*** Data shown Section Begins ***

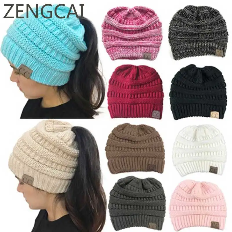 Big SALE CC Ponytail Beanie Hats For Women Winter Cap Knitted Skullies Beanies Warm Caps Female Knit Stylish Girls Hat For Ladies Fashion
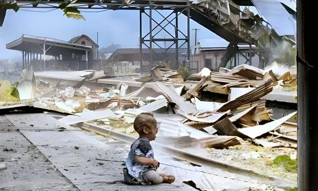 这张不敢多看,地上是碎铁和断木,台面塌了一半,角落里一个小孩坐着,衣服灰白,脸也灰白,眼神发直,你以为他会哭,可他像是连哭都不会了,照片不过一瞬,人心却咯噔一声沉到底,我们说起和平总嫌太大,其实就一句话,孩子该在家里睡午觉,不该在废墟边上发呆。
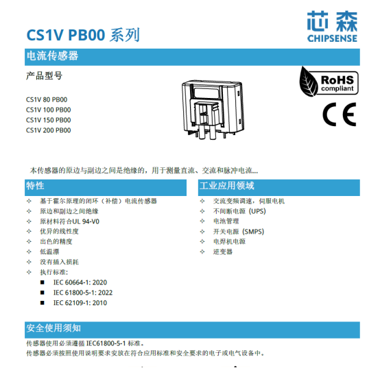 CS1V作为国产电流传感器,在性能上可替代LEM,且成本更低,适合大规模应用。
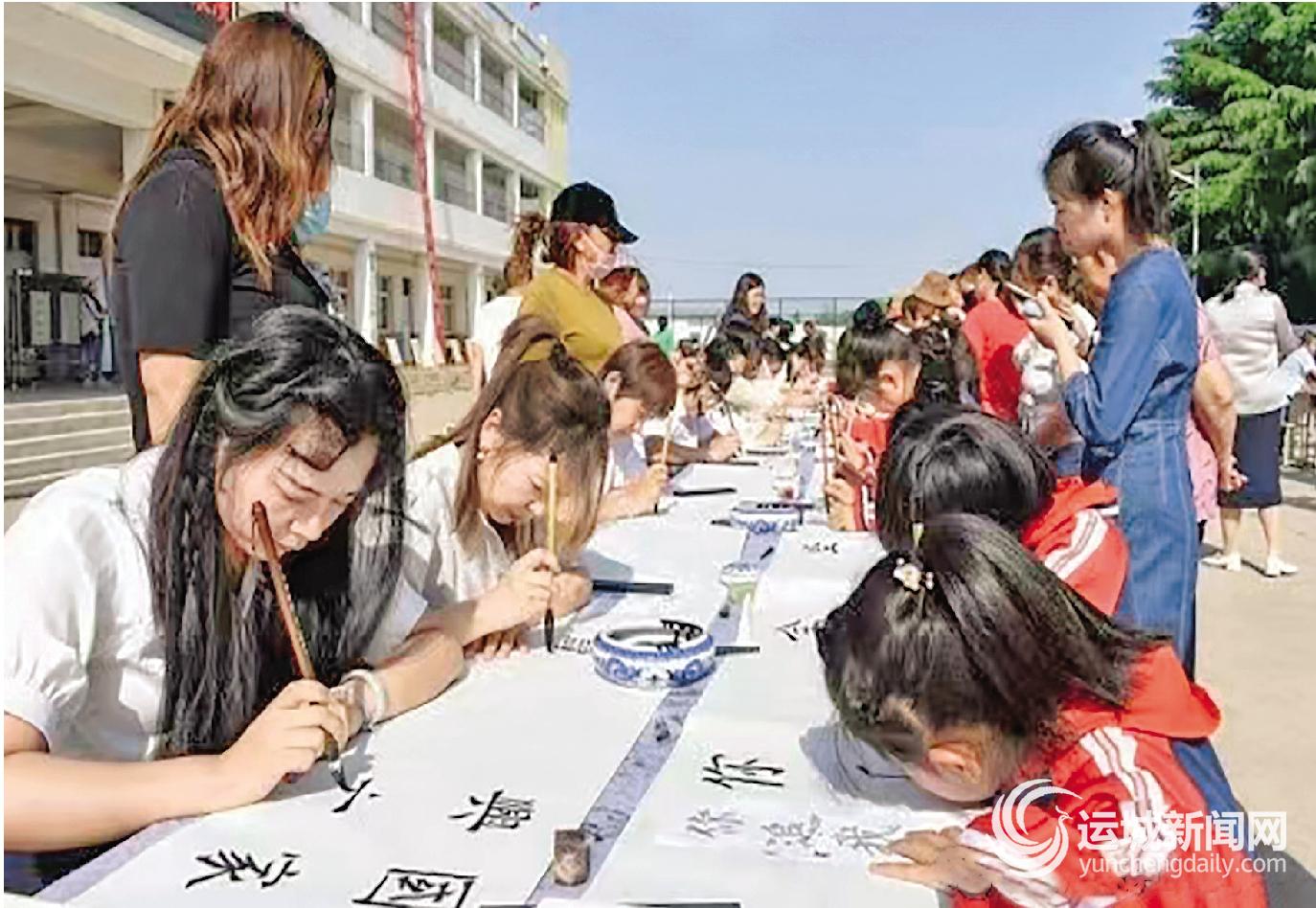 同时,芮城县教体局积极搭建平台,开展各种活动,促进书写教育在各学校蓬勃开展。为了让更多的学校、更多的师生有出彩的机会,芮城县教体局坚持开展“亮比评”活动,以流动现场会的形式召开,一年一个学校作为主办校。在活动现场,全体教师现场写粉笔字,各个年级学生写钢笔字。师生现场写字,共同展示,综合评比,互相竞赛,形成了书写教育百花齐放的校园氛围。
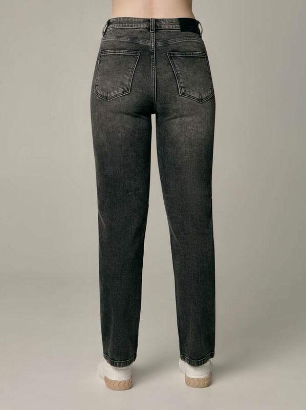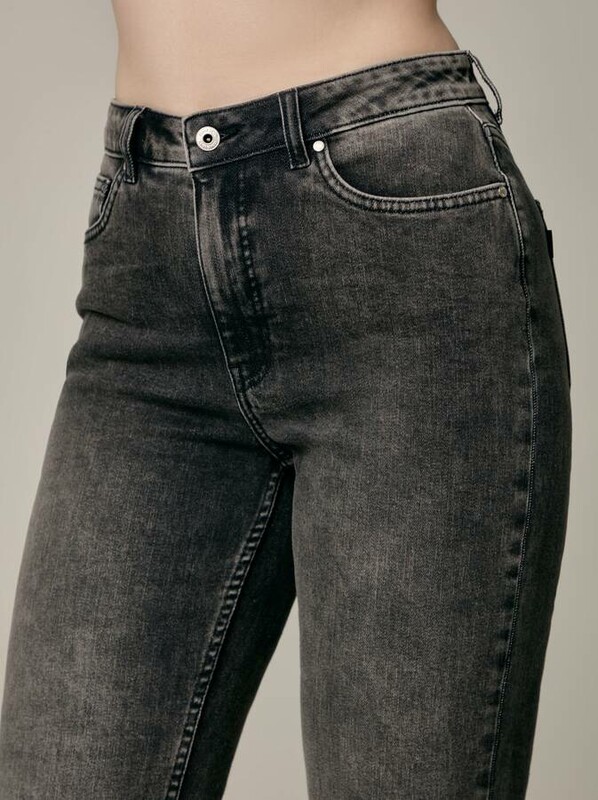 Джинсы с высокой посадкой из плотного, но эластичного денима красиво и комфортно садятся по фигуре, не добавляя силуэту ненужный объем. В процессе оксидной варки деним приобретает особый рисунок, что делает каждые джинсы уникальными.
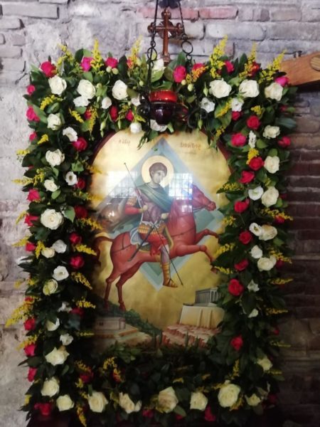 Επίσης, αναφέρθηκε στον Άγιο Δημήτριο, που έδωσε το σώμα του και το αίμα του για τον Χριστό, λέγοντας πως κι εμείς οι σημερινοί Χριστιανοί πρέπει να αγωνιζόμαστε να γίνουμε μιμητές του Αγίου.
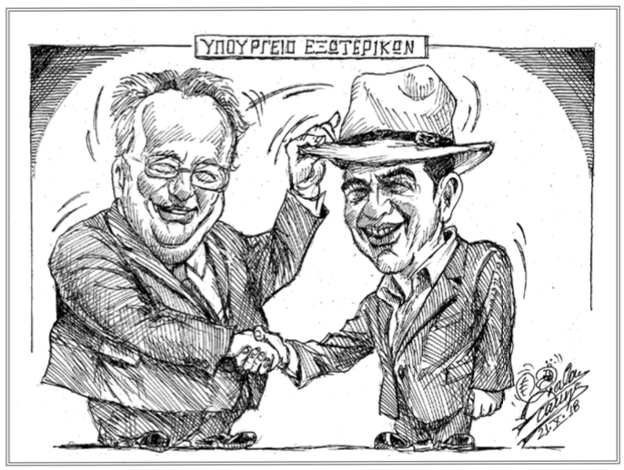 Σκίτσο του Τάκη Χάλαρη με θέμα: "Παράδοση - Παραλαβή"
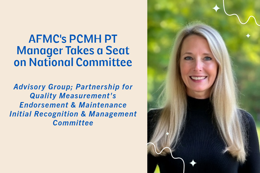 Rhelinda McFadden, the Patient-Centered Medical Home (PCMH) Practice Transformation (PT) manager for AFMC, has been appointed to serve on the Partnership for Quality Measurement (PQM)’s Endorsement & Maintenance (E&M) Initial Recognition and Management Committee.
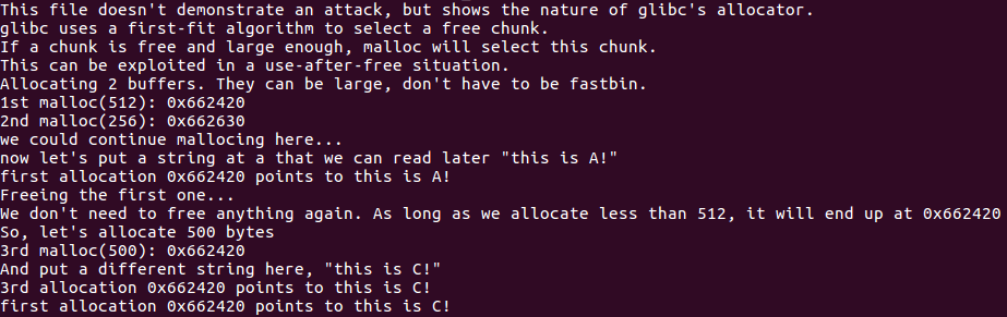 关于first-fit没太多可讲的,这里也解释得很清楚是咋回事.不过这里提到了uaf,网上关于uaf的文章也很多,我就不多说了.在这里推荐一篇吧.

*** Data shown Section Ends ***

# What this task involves
Reproduce, word for word, only the lines in the records above from the line with "Σκίτσο του Τάκη" through the line with "Rhelinda McFadden, the", including both ends; omit the pictures.

# Task solution
 Σκίτσο του Τάκη Χάλαρη με θέμα: "Παράδοση - Παραλαβή"
 Rhelinda McFadden, the Patient-Centered Medical Home (PCMH) Practice Transformation (PT) manager for AFMC, has been appointed to serve on the Partnership for Quality Measurement (PQM)’s Endorsement & Maintenance (E&M) Initial Recognition and Management Committee.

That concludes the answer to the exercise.